First off, remember the law of conservation of matter; in chemical reactions, matter is neither created nor destroyed. Therefore, every atom of every element on the left side of the arrow has to appear on the right side, with all their protons and neutrons intact. No strictly chemical reaction will cause a carbon to become a nitrogen by gaining a proton.

What can change in a reaction is the number of electrons each atom "owns". For that, remember the concept of valence shells; the number of electrons in the outermost "shell" of its orbitals. Most elements do not have a stable valence shell, and so will want to react in ways that increase their stability. For elements not in the "transition metal" groups, this is pretty straightforward; elements to the left of the transition metals generally want to lose electrons to empty their valence shell (acquiring the stable configuration of the next lightest noble gas), while elements to the right of the transition metals want to share or gain electrons to fill their valence shell, acquiring the configuration of the next heaviest noble gas. The transition metals are "stable" in various valence configurations based on their more complex d-orbital valence structure (the s and p orbitals exposed by the first two and last six columns of the table are more predictable).

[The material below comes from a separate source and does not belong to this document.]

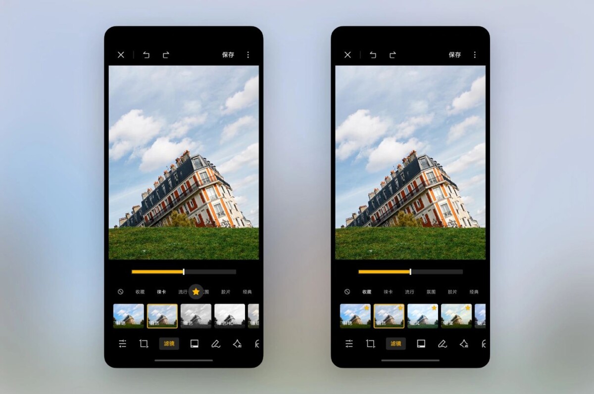 A szűrőrendszer jelentős fejlesztéseken esett át a továbbfejlesztett előnézeti képességekkel. A felhasználók mostantól az eredeti képek összehasonlítását is láthatják a szűrőeffektusok mellett a miniatűr előnézetekben, így könnyebben kiértékelhetik a különböző megjelenéseket az alkalmazásuk előtt. Ezenkívül a kedvenc szűrők hosszú megnyomásával menthetők, így személyre szabott gyűjtemény hozható létre.

When atoms outright gain or lose electrons, they become ions, and gain a charge based on the difference between the protons and electrons in their configuration. When they gain them, they become negative anions, and then they lose them, positive cations. Cations are then attracted to anions, and these charges must balance; a +2 cation such as Mg2+ or Ca2+ requires one -2 anion (carbonate, sulfate, hydrogen-phosphate) or two -1 anions (chloride, fluoride, bicarbonate).

The alkali metals, in the 1 and 2 groups, usually want to lose their one or two valence electrons; the heavier the alkali metal, the more the atom wants to lose the electrons, with cesium being the most reactive alkali metal that has a non-radioactive isotope. The elements in the halogen group (fluorine, chlorine, bromine, iodine) like to gain electrons, especially from the alkalis. The lighter the compound, the more it wants to gain an electron, with fluorine being the most aggressive electron receptor in the table (to the point where it will try to take electrons from other elements that don't want to give them up, like other halogens and noble gases).

Columns between the halogens and transition metals (from left to right, the boron group or triels, the carbon group or tetragens, nitrogen group or pnictogens, and oxygen group or chalcogens) are more of the "sharing" type; they'll take electrons outright from the alkalis, and if they really have to they'll give them up to a halogen like fluorine or chlorine, but they prefer a "give-and-take" relationship, and form shared-orbital "covalent bonds" with most other elements of these groups and with the transition metals. How strong these bonds are depend on what elements are being bonded and how many electrons each is sharing with its neighbor. A double or triple bond is very strong, while certain other combinations are strong for other reasons (bonds between carbon and the "Big 3" highly electronegative elements, namely oxygen, fluorine and chlorine, are commonly very strong). You can compute a balanced bond structure using valence electrons, much like calculating ionic charges; oxygen needs two valence electrons and so it will form no more than two bonds with other elements. When two atoms in these columns get together, expect to see a few multiple bonds; oxygen and nitrogen love forming double and triple bonds when they can, and carbon will oblige with these two and a few others, but typically prefers single bonds with other carbons and most other nonmetals (allowing it to form those long chains that create the backbone of life).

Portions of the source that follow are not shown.